SambaNova Systems, an artificial intelligence (AI) driven software, hardware, and solutions platform provider has unveiled new seismic analysis capabilities for oil and gas discovery. Seismic analysis, a common process used to identify oil and gas deposits, can successfully identify deposits that represent billions of dollars in potential profit for oil, gas, and energy producers.
“Deep learning computer vision models improve and accelerate the analysis of seismic data by capturing high dimensional information that uncovers the resource patterns that experts need to identify,” said Rodrigo Liang, CEO and co-founder, SambaNova Systems. “These patterns enable more accurate discovery predictions while simultaneously speeding up the seismic analysis process to as little as one week.”
Correctly predicting the location of oil and gas accumulations is time-consuming and complex, involving highly- trained specialists who need to analyze hundreds of km3 of geospatial image data. The accuracy of the predictions is critical, as an incorrect prediction could represent billions in missed opportunities and a wasted capital investment of $100M or more.
Marshall Choy, SVP Product at SambaNova Systems, added: “The hardware available today was not designed to handle complex AI workloads and the size requirements of global oil and gas companies. SambaNova provides an integrated AI hardware, software and services offering that can handle the largest 3D networks that users want for geologic study and exploration.”
SambaNova's new DataScale software has several benefits, according to the firm. First, its computer vision models are designed to improve and accelerate seismic analysis. The amount of specialised labelled data available necessary to train seismic analysis computer vision models is limited. The labelling process is complex and requires experts who can recognise and label the 3D features critical to seismic analysis and prediction. Most organisations do not have the necessary data needed to train the computer vision models for the seismic analysis process.

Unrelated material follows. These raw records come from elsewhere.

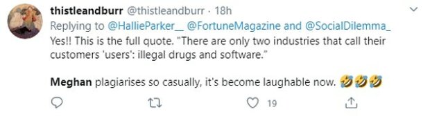"Да!! Вот полная цитата. "Существует только две индустрии, называющие своих клиентов users: запрещенные наркотики и программное обеспечение", "Боже, Меган заплатили, чтобы она выступила на конференции и высказала идею "Социальной дилеммы" о том, что пользователи соцсетей похожи на наркозависимых, и при этом она говорит, что не пользовалась соцсетями уже четыре года? А блог The Tig? А страница Sussex Royal в Instagram? Twitter? Лгунья", "Меган так начала копировать чужие идеи, что это вызывает лишь смех", — возмущались пользователи, комментируя выступление Меган Маркл на онлайн-конференции.
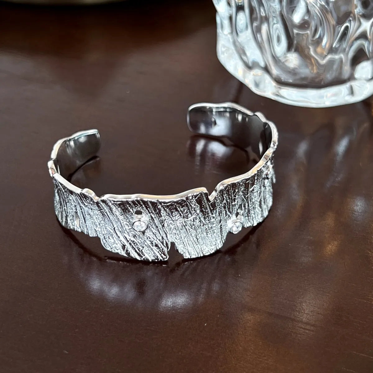 Aetolia New Arrival Irregular Bark Texture Jewelry 925 Sterling Silver Bracelet Hollow Diamond Opening Bracelets Bangles For Women
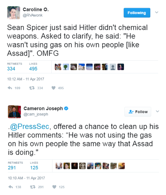 Happy Passover from the White House. Sean Spicer claims Hitler “didn’t use chemical weapons on his own people.” Uh, GAS CHAMBERS anyone? Or are we reading Richard Spencer’s history books now?
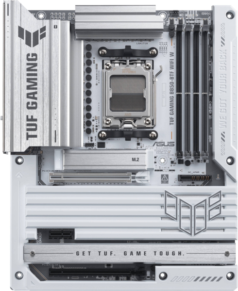 TUF GAMING B850-BTF WIFI W берет все основные элементы новейших процессоров AMD Ryzen и сочетает их с готовыми к игре функциями и проверенной долговечностью. «BTF» означает «Назад в (будущее)», что означает новую эру для всех геймеров PC DIY; передовая серия BTF не только скрывает все свои разъемы на нижней стороне материнской платы, но и обеспечивает до 600 Вт для видеокарт BTF через слот повышенной мощности для графической карты, что обеспечивает чистый кабель-менеджмент и минималистичный внешний вид сборки. Эта платформа обеспечивает мощность и возможности подключения, которые требуются передовым приложениям для ПК с искусственным интеллектом.
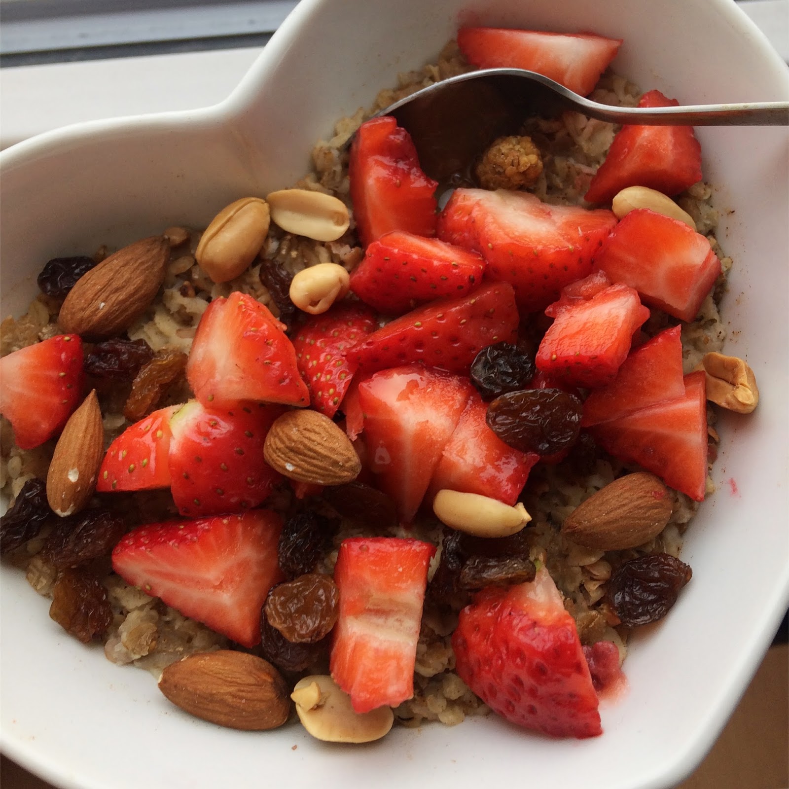 | Snídaně dělá den – moje milionová ovesná vegan kaše s jahodami.  |
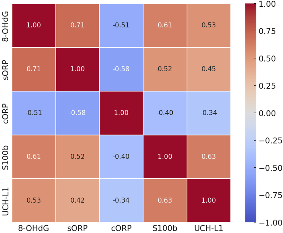 Figure 4. Correlation matrix of oxidative stress and brain damage markers 24 h after surgery. This heatmap shows Pearson correlation coefficients between oxidative stress markers (8-OHdG, sORP, and cORP) and brain damage markers (S100β and UCH-L1) at the T3 time point. Red indicates positive correlations, and blue indicates negative correlations. The values within each cell represent the correlation strength.
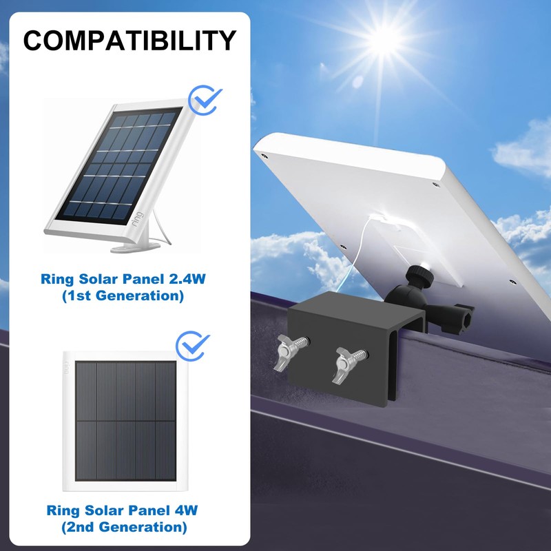 - 【Perfect Fit for Ring Solar Panel】Designed exclusively for Ring Solar Panel to ensure a snug, secure mount.Also compatible with other solar panels with a standard 1/4" threaded mount—such as Ring, Arlo, Eufy, Wyze, Reolink, and more. (Note: Solar panel is not included.)
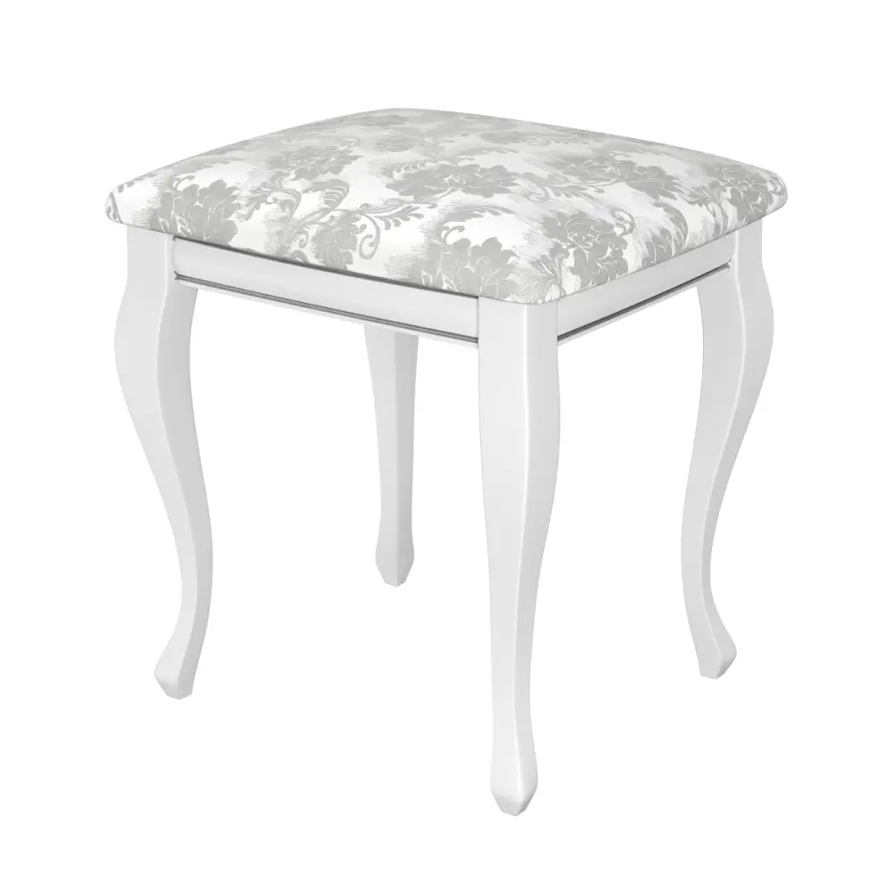 Табурет Румба массив бука, с мягким сиденьем эмаль белая, патина серебро, серебристый
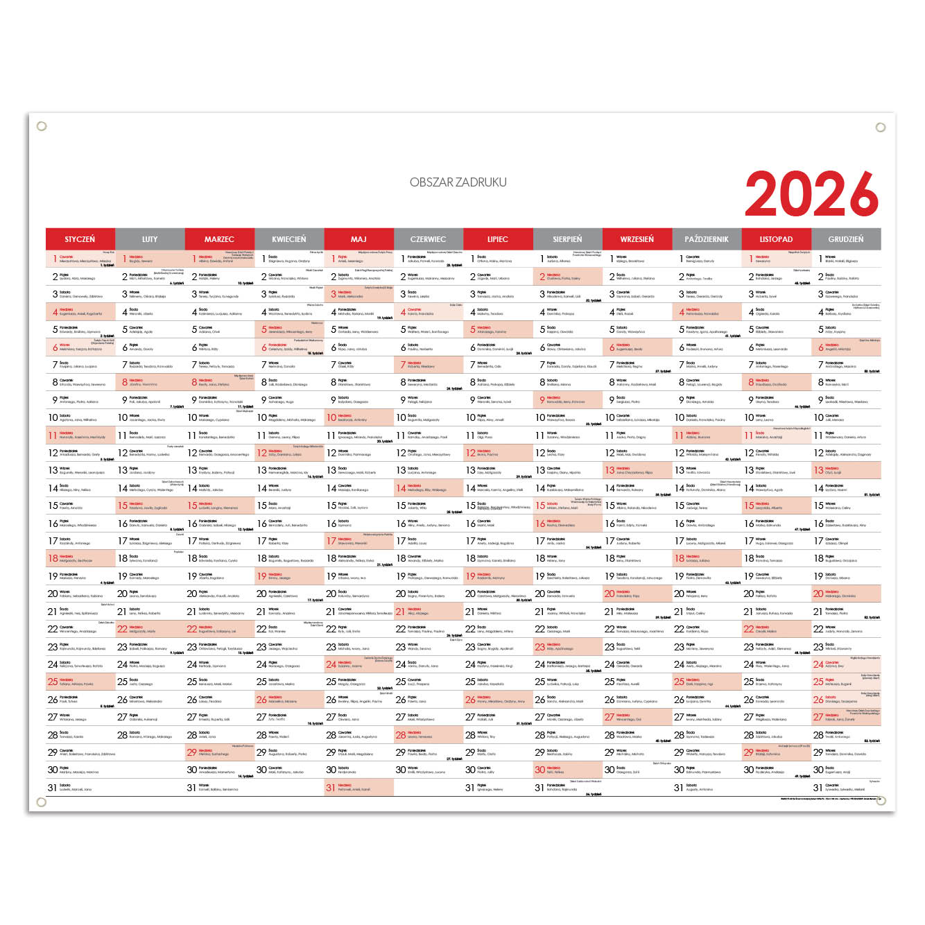 Size: 124 x 100 cm Color: red Material: washable PVC - banner Calendarium: Polish Annual with names Range: 1 paper We provide free logo printing on this calendar (from 10 pcs). Metal eyelets for hanging are included. It may be printed in full colo
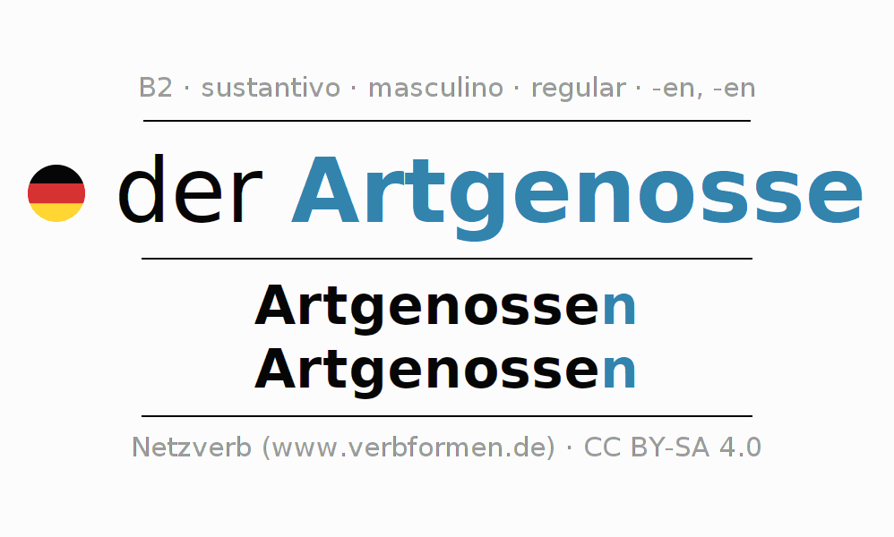 La declinación del sustantivo en forma de tabla con todas su formas: singular, plural y en los cuatro casos: nominativo (primer caso), genitivo (segundo caso), dativo (tercer caso) y acusativo (cuarto caso). Las construcciones gramaticales están representadas de forma clara en una tabla sinópica. La inflexión de los sustantivos es una ayuda durante tareas, exámenes, para cursos de alemán, la universidad, el estudio del alemán como lengua extranjera o como segundo idioma y para estudiantes adultos. La declinación correcta de las palabras es especialmente importante para los que aprenden el idioma alemán. Aquí encontraras más información acerca del tema Wiktionary Artgenosse y aquí también a través del Duden Artgenosse.
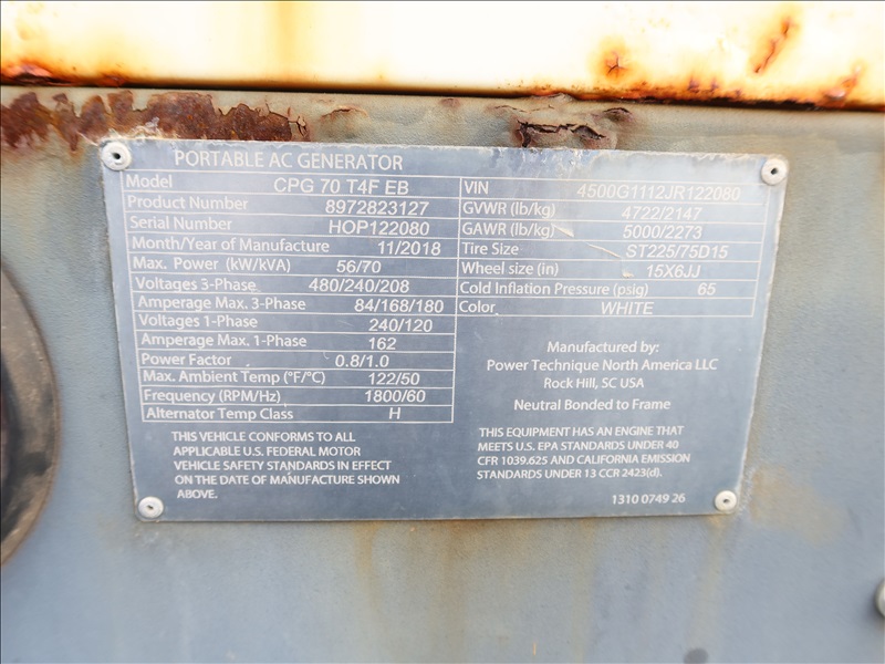 2018 ATLAS COPCO TRAILER MOUNTED GEN SET
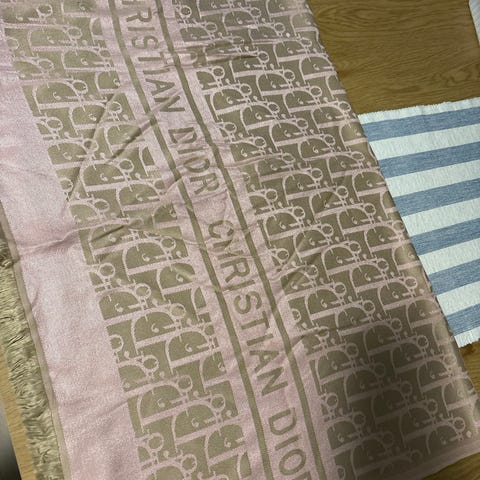 Pent skjerf i blå/beigetoner selges

SambaNova accelerates the time-consuming model training process by reducing the labelled data required to train a model by 97.6%, while simultaneously resulting in more detailed 3D features that improve the accuracy of the analysis. GPU-based AI infrastructures are not able to analyse high-resolution 3D images, which impacts accuracy. SambaNova's large 3D networks overcome limitations by leveraging multi-scale, 3D correlations that identify the most relevant features in the data to improve the quality of the predictions.
“This is a pivotal time for the oil and gas sector, with uncertainties about energy sources, public demand and business models,” said Liang. “To manage project costs, it is critical to leverage Foundation Models and LLMs to reduce cycle time. SambaNova has demonstrated the ability to rapidly generate training data examples faster and with the highest accuracy, resulting in reduced project costs and more accurate analysis.”